Every gate runs in parallel and returns one of three verdicts:

| Verdict | Meaning | Next Action |
|---------|---------|-------------|
| **passed** | Gate question answerable; no concern blocking this phase | Proceed to next phase |
| **failed** | Gate question answerable; concern blocks phase progression | Record failure, optionally add remediation slice(s) |
| **omitted** | Gate question not applicable to this unit (e.g., no auth work → auth gate omitted) | Proceed (gate doesn't apply) |

**Critical rule:** `omitted` must have a one-line reason (e.g., "no auth surface"). Unexplained omitted verdicts are treated as failures and re-dispatched with explicit instruction to pick `passed` or `failed`.

Gate run history is written to `.sf/traces/<traceId>.jsonl` (append-only JSONL, not DB). Gate circuit-breaker state lives in the `gate_circuit_breakers` table in `sf.db`.

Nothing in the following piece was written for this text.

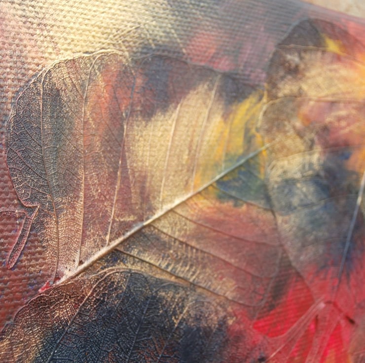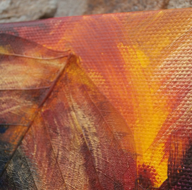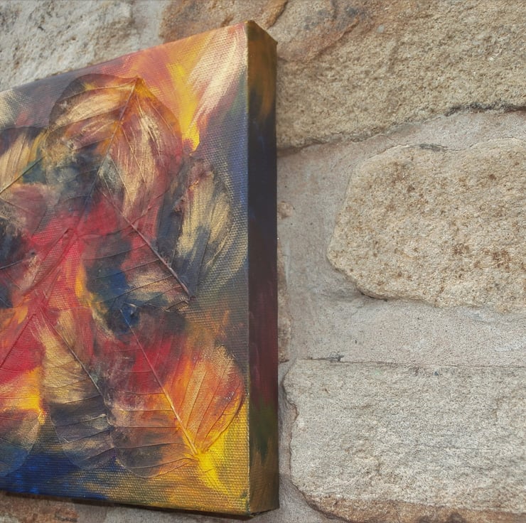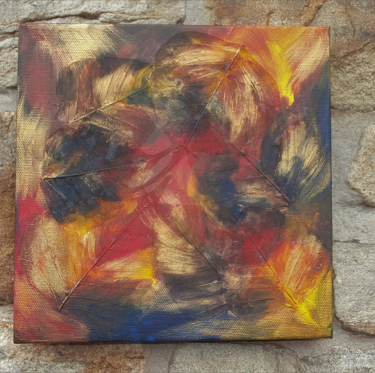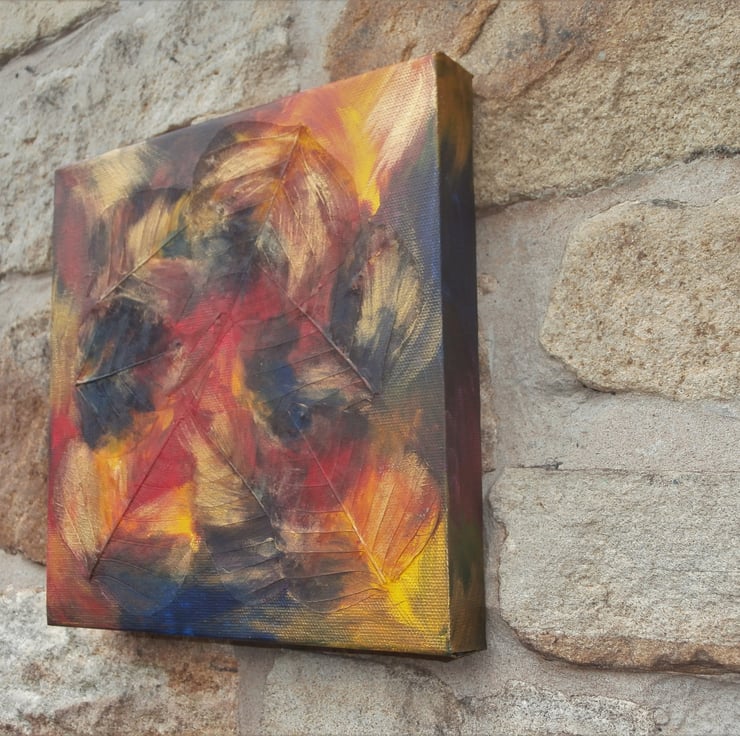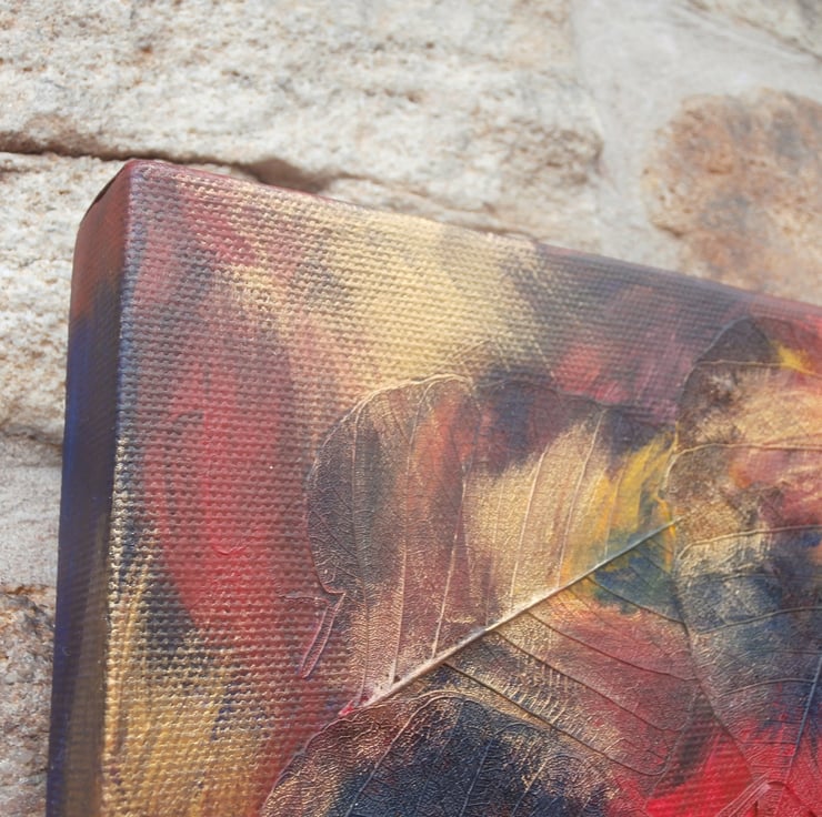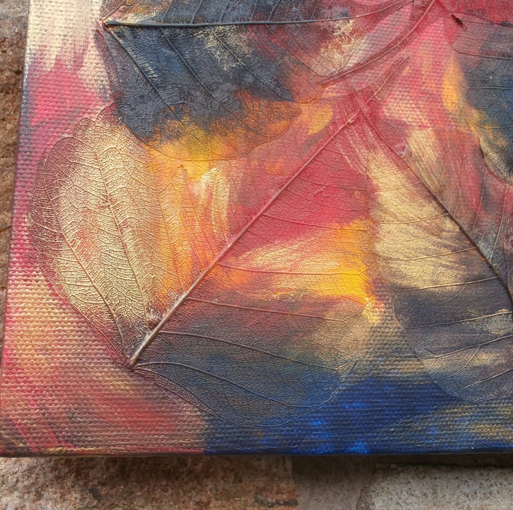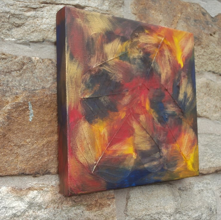 This is a striking little piece. Very vibrant colours with a metallic finish. Skeleton leaves and acrylic on boxed canvas. A lovely textured piece called 'Deep Autumn'. 8x8 inches square and 1 inch deep. If you have a plain wall that needs a pop of colour then this is the painting for you.

## Outcome Learning for Model Selection

UOK tracks model success/failure per task-type using Bayesian updating:

```
P(model_i succeeds | task_type) = (successes + prior) / (total_trials + prior_weight)
```

**Mechanism:**

- After each task completes, UOK logs: `{ model, task_type, succeeded: bool, latency_ms, tokens }`
- Model scores updated dynamically; different models get different confidence per phase/task
- Prior weights prevent early abandonment (new models get benefit of the doubt)
- Used by `benchmark-selector.ts` to route future similar tasks to higher-scoring models

## Self-Evolution Mechanisms

### Self-Report Collection
Agents and gates file issues via the `report_issue` tool during dispatch:
- Reports stored in `self_feedback` table in `sf.db`
- Triage pipeline (`triage-self-feedback.js`) runs at session start to cluster and prioritize entries
- High/critical entries surfaced in system context for the next planning round
- **Status:** Collection and triage injection are active

### Knowledge Compounding
Knowledge entries are stored in the `memories` table in `sf.db` (category: `knowledge`):
- Agents write via `save_knowledge` tool (not by appending to files)
- Injected into agent prompts via `system-context.js` (DB query, keyword-scoped, budget-capped)
- `knowledge-compounding.js` distills high-confidence judgment-log entries after each milestone close
- **Status:** Storage, injection, and compounding are all active

### Requirement Promotion
`requirement-promoter.js` sweeps `self_feedback` entries at session start:
- Clusters recurring feedback by kind (count ≥ 5 or spanning ≥ 3 milestones)
- Promotes clusters to the `requirements` table via `upsertRequirement`
- Promoted entries are marked resolved in `self_feedback`
- **Status:** Active

### Gate-Based Pattern Detection
Gates can detect and report repeated failure patterns (e.g., "same requirement-validation failure in S01 and S03")
- **Status:** Logic exists per gate; no automatic aggregation across gates

## Invariants

- UOK and the dispatch controller are pure TypeScript — no LLM decisions in the dispatch loop itself.
- Each dispatch unit runs in a fresh context — no cross-turn state accumulation.
- Planning artifacts are tracked in git; runtime artifacts are never committed.
- **DB-first:** `sf.db` is the only executable truth. Agents read decisions, requirements, and knowledge from DB-injected context; they write back via tool calls. `.md` projection files are rendered outputs, not inputs.
- `SF_RUNTIME_PATTERNS` in `gitignore.ts` is the canonical source of truth for runtime paths. `git-service.ts` (`RUNTIME_EXCLUSION_PATHS`) and `worktree-manager.ts` (`SKIP_*` arrays) must stay synchronized with it.
- The user is the end-gate. SF delivers for review, not to production.